Monday, we will finally get to see, on the same stage, the presidential candidates who hate each other, find each other unqualified, and who long ago seem to have taken the gloves off in their smackdown.
Here are just a few of the questions I’d ask the man and woman who would like to be our president:
• People don’t like either of you, including politicians in Washington. Secretary Clinton, how will you bring together Democrats and Republicans, when your war with so many Republicans dates back to your years as first lady? And, Mr. Trump, notable Democrats and Republicans seem to find your style and policies confounding. How much can you really accomplish without the broad-based support of Republicans?
• Mr. Trump, you suggested that Congress shouldn’t consider President Obama’s Supreme Court nominee and they haven’t. What would you do if you were President Obama and the Senate openly ignored your choice for Supreme Court?
• Mrs. Clinton, there’s a frequent line from courtroom dramas like Law & Order that goes something like this: “You said X when the detectives spoke to you and now you’re saying Y. Which is it? Were you lying then or are you lying now?” People don’t trust you. You don’t seem completely forthcoming, even about your pneumonia, until we see pictures of you stumbling into your SUV. How do we know when you’re sharing the truth, the whole truth and nothing but the truth?
• Mr. Trump, are you going to release your tax returns? The longer you go without sharing them, the more people wonder if you’re hiding something. You believe your opponent selectively discloses details about herself all the time, but you’re not sharing something most, if not all, candidates have shared. What gives?
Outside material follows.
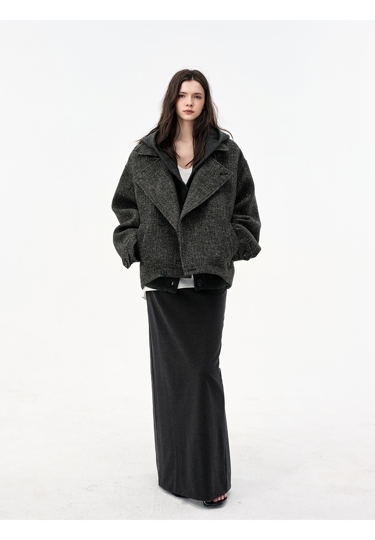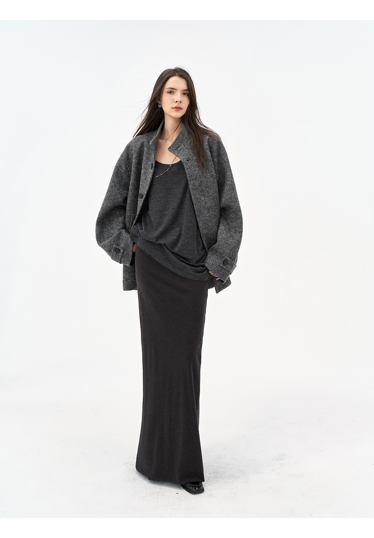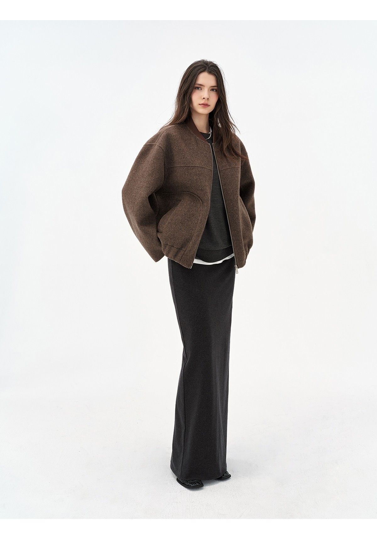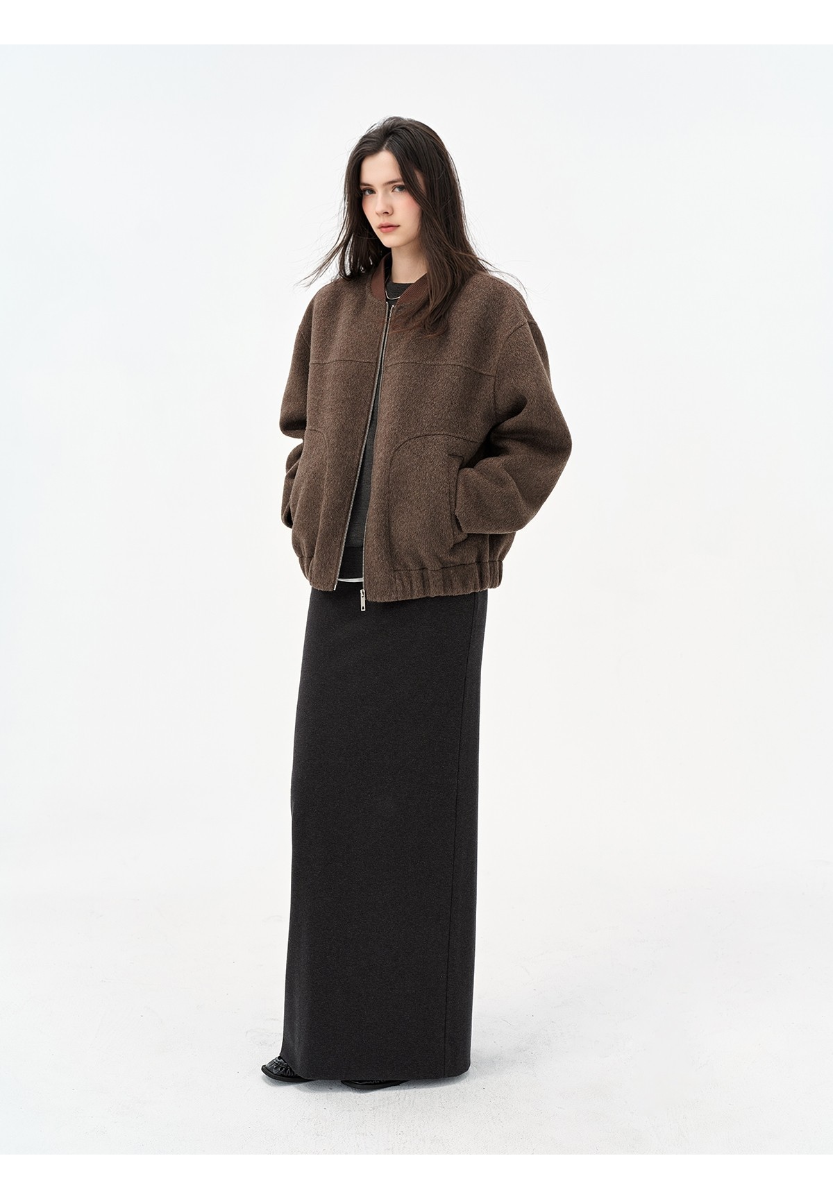 Extremely comfortable knitted wool-blend long skirt elastic high waist rear split harpoon tail skirt drop skirt

• Mr. Trump, you have suggested on a few occasions that advocates of the second amendment might have something to say about Hillary Clinton’s position on gun control. You claim that people misinterpret what you say because you didn’t mean what you said when you wrote it. Your rhetoric, were you to be president, would mean something far different from what it does when you’re tweeting. If you were president, would you tamp down the bluster that people might misinterpret? Do you feel you can and should be able to shoot from the hip, as it were, whenever it suits your interests?
• Neither of you seems ready to say the kinds of things we would hope to teach our children, such as “I’m sorry,” or “I was wrong.” Can each of you name a situation or circumstance in public life when you made a mistake and you recognize that you could and should have done better?
• Okay, turning away from each other, what policy do each of you guarantee wouldn’t change one iota and for which you would be inflexible or unwilling to compromise if either of you became president? Candidates often make promises they can’t keep when they’re elected. Is there anything you will pursue in its current form from your platforms?
• You both must recognize that your own rhetoric has alienated voters and raised concerns among various groups about your ability to lead and act on their behalf. Mrs. Clinton, how would you reconcile with Trump’s “deplorables,” as you put it, and Mr. Trump, how would you represent Muslim-Americans, Americans of Mexican heritage or any of the other people you’ve alienated if you became president?
• This campaign seems steeped in negativity. What is the most positive message each of you can share? How would that positive message make people feel better about the election and, down the road, the prospects for themselves and for this country? Be as specific as possible.